Minister for Housing, Women, Youth, Science, and Integration of Salzburg
- Incumbent
- Assumed office 13 June 2018

Deputy Leader of NEOS – The New Austria
- Incumbent
- Assumed office 1 August 2021 Serving with Christoph Wiederkehr
- Preceded by: Nikolaus Scherak Sepp Schellhorn

Spokeswoman of NEOS – The New Austria in Salzburg
- Incumbent
- Assumed office 2 October 2021

Personal details
- Born: Andrea Klambauer 24 February 1977 (age 49) Vienna, Austria
- Party: NEOS – The New Austria

= Andrea Klambauer =

Austrian politician (born 1977)

Andrea Klambauer (/de/; born 24 February 1977) is an Austrian politician of NEOS – The New Austria who has served as minister in the Salzburg state government since 2018. She is also federal deputy leader and state spokeswoman for NEOS.

==Early life and education==
Andrea Klambauer attended the Wirtschaftskundliches Realgymnasium in Floridsdorf in Vienna, where she graduated in 1995. She then completed a course in business consultancy professions at the University of Applied Sciences Wiener Neustadt, which she completed in 2000 with a Magister degree.

Since 1998 she has worked in various companies in human resources, for example at Billa Dienstleistungs GmbH as an assistant to the corporate personnel developer, from 2000 at Hewitt Associates as a human resources (HR) consultant and from 2004 to 2006 for Siemens in Beijing as HR manager. After parental leave and moving to Bad Hofgastein, she worked at Salzburger Aluminum AG in personnel and organizational development from 2007 to 2011, and from 2011 to June 2018 she was HR manager at Eurofunk Kappacher GmbH in St Johann im Pongau.

==Political career==
Klambauer became regional coordinator for NEOS – The New Austria in St Johann im Pongau in August 2016. She became a member of the state board in June 2017.

In the 2018 Salzburg state election, she was in second place on the NEOS list, behind Sepp Schellhorn, and was elected to the Landtag.
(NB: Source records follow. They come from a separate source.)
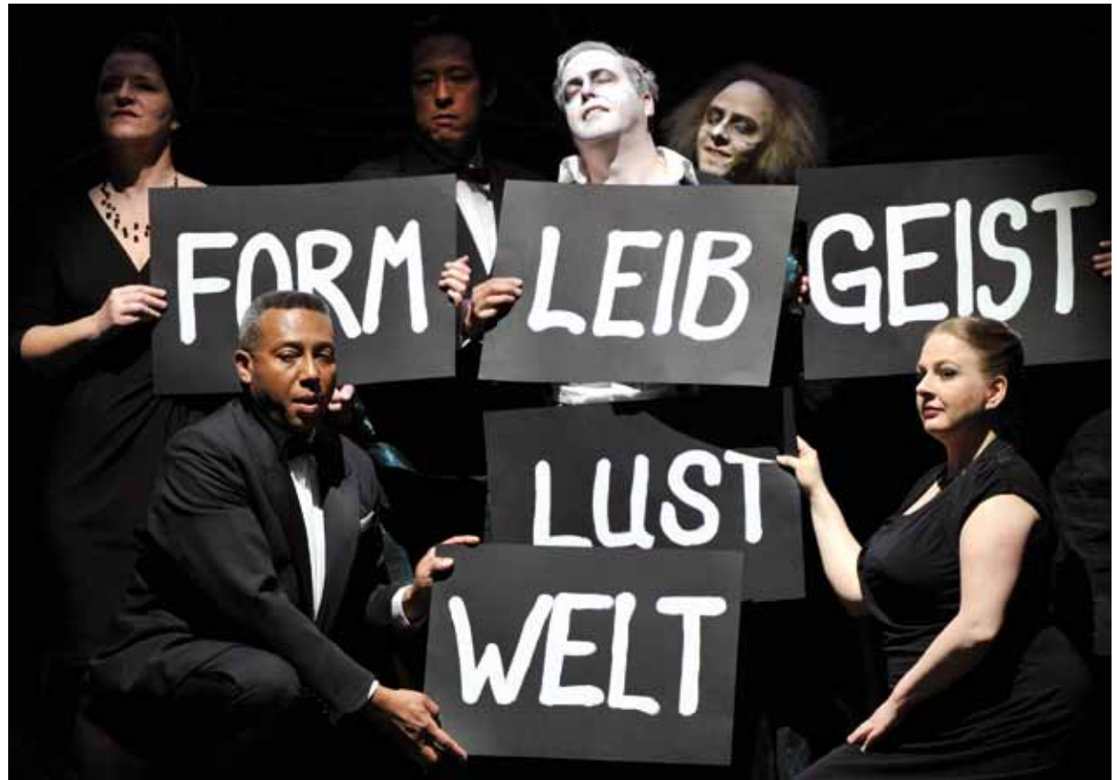
„Die Versuchung des heiligen Antonius“, das Abschlussprojekt des Stipendiatenjahrgangs 2009–2011, wurde am 8. Mai 2012 unter großem Beifall am Oldenburgischen Staatstheater uraufgeführt.

Bei den Osterfestspielen der Berliner Philharmoniker, die 2013 ihre Premiere in Baden-Baden feiern werden, sind auch die Stipendiaten und Alumni der Akademie Musiktheater heute vertreten. Gemeinsam mit dem Orchester und anderen Künstlern erarbeiten die Akademisten die „Zauberflöte für Kinder“ sowie die Kammeroper „Cendrillon“.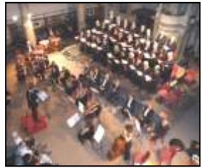
Concert de Noël Page 3

http://www.carrefourculturelcodognanais.fr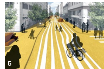
© Projekt „Lebensraum Hauptstraße“, Linz-Urfahr; Idee/Visualisierung: Architekturbuero 1

5 Erkundung Urfahr 9. Juni, ab 18 Uhr, Treffpunkt afo Linz-Urfahr ist ein Stadtteil im Wandel. Ein Stadtspariergang führt zu den wichtigsten Projektschauplätzen der kommenden Jahre: Was ist jetzt? Was wird in den nächsten Jahren sein? Besucht werden zudem das Kunstprojekt „Hinsenkamp LABOR“ und die Rauminterventionen „um uns“ von Studierenden der Kunstuniversität Linz.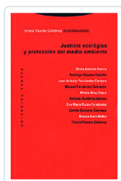
JUSTICIA ECOLÓGICA Y PROTECCIÓN MEDIO VICENTE, TERESA

In the subsequent government formation, NEOS agreed to join a coalition government with the ÖVP and The Greens. On 13 June, Klambauer was appointed as Minister for Housing, Childcare, Families, Science, Adult Education, Women, Equal Opportunity, Generations, and Integration, becoming NEOS's first government minister.

After the 2019 federal election, Beate Meinl-Reisinger appointed Klambauer to her team for exploratory talks for the formation of a federal government. In June 2021, she was elected as federal deputy leader of NEOS alongside Christoph Wiederkehr. After Sepp Schellhorn's resignation as NEOS spokesman in Salzburg in July, Klambauer became interim leader. She was confirmed as full-time leader in October.